Fighting food insecurity
According to the United Nations Development Programme, 80% of Nicaragua’s population lives on less than 2 dollars per day. After Haiti, Nicaragua has the highest poverty rates in Latin America. The poverty is primarily concentrated in rural areas, and it leads to high levels of food insecurity.
One major challenge for AVSF is to focus its work on the structural causes of poverty, a condition that particularly affects smallholder farming. Tackling the structural causes of poverty means guaranteeing access to water and land for smallholder and Indian families, providing them access to factors of production (equipment, funding, technical assistance), integrating them into markets for crop and livestock farming products that are more fair, and working to reduce cultural exclusion.
Environmental degradation and the consequences of climate change (droughts and hurricanes) also weigh heavily on Nicaraguan smallholders and affect in particular women and young people, the most vulnerable groups.
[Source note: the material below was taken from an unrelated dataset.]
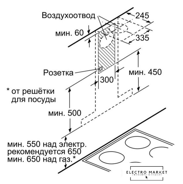 монтаж островной, управление механическое/кнопочное, производительность мотора 600 м³/ч, ширина 120 см

Micro-irrigation, agro-ecology, and diversification: ways of combatting climate change
AVSF began working in Nicaragua at the conclusion of the armed conflicts of the 1980s and assisted in the creation of local systems, managed by the smallholder families themselves, for supplying veterinary medicine in order to facilitate the provision of medical care to animals. In addition to supporting livestock farming, a long-standing axis of the association’s cooperative efforts, AVSF currently works to help strengthen the capacities of smallholder and Indian organizations to defend their land, manage natural resources in a more concerted and sustainable manner, and adapt their crop or livestock farming systems to the already-visible effects of climate change.
Thanks to the creation of innovative micro-irrigation systems (adapted to vulnerable smallholder families) and agricultural diversification by implementing agro-ecological practices, more than 2,000 smallholder families were able to improve their food security and sovereignty. AVSF is also working to strengthen three cooperatives of small-scale cocoa producers in the El Rama region. As a result, more than 200 male and female smallholders are steadily improving their agro-forestry plantations and obtaining better remuneration on high-quality and fair trade cocoa markets.
Thanks to the proven references on these cooperation projects, AVSF assists its partners (smallholder organizations, NGOs, training centers) and contributes in an innovative way to the creation of local and national strategies for food security that are adapted to the changing climate conditions in Nicaragua.